第31話 天才錬金術師

「これはこれは、オスカー様、どうされましたか? 本日は来城の予定は入っておりませんが」


 城の入場門の警備兵に声を掛けられた俺は有無を言わさず従属冥魔法をかける。


『ダークブレイン!』


 魔法によって警備兵たちは虚ろな目をした、物言わぬ俺の人形となった。


 そうやって会うもの会うものに従属冥魔法をかけながら突き進み、俺は遂に王座の間までたどり着く。

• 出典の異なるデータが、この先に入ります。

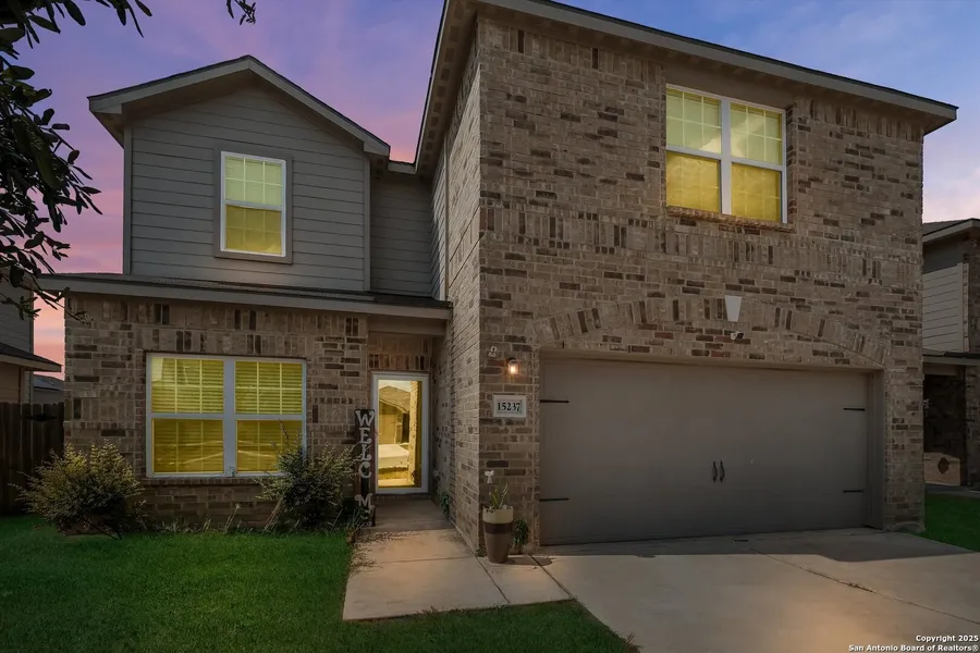 This charming two-story brick home offers the perfect blend of comfort, space, and functionality for today's lifestyle. With 4 bedrooms, 2.5 bathrooms, and a generous open layout, this home is ready to meet the needs of any family. Interior Features: Bright and spacious living room with wood-look flooring and plenty of natural light. Open-concept kitchen featuring granite countertops, dark cabinetry, black appliances, and ample storage-perfect for both cooking and entertaining. Downstairs primary suite with large windows overlooking the backyard, walk-in closet, and a private ensuite bath complete with dual sinks, soaking tub, and separate shower. Upstairs includes a spacious game room/flex area plus secondary bedrooms with generous closet space. Exterior & Backyard: Covered patio that opens to a large, fully fenced backyard. Enjoy summer days in your above-ground pool! Storage shed included for added convenience. Location: Located in a friendly neighborhood with quick access to Loop 1604, IH-35, Lackland AFB, and downtown San Antonio, this home offers both convenience and community.

 そこには丁度、三公の一人、シルヴァーノ = サンジェルマンと。

 その子飼いのクレメントがいた。


「ん!? どうした、オスカー。貴様との謁見の予定は今日はなかったはずじゃが」

「黙れじじい」


 俺はエデンバラ国王にも有無を言わさず従属冥魔法をかけた。


「王座を俺に明け渡し、お前はあの辺にでも突っ立っていろ」

「陛下に向かってなんたる口を! オスカー! 貴様、気でも触れたか!」


 シルヴァーノは怒気をあらわにさせ大きな声で俺を叱責するが、エデンバラ国王はオスカーのその指示に虚ろな目をしながら従い、王座の間の片隅に移動して直立した。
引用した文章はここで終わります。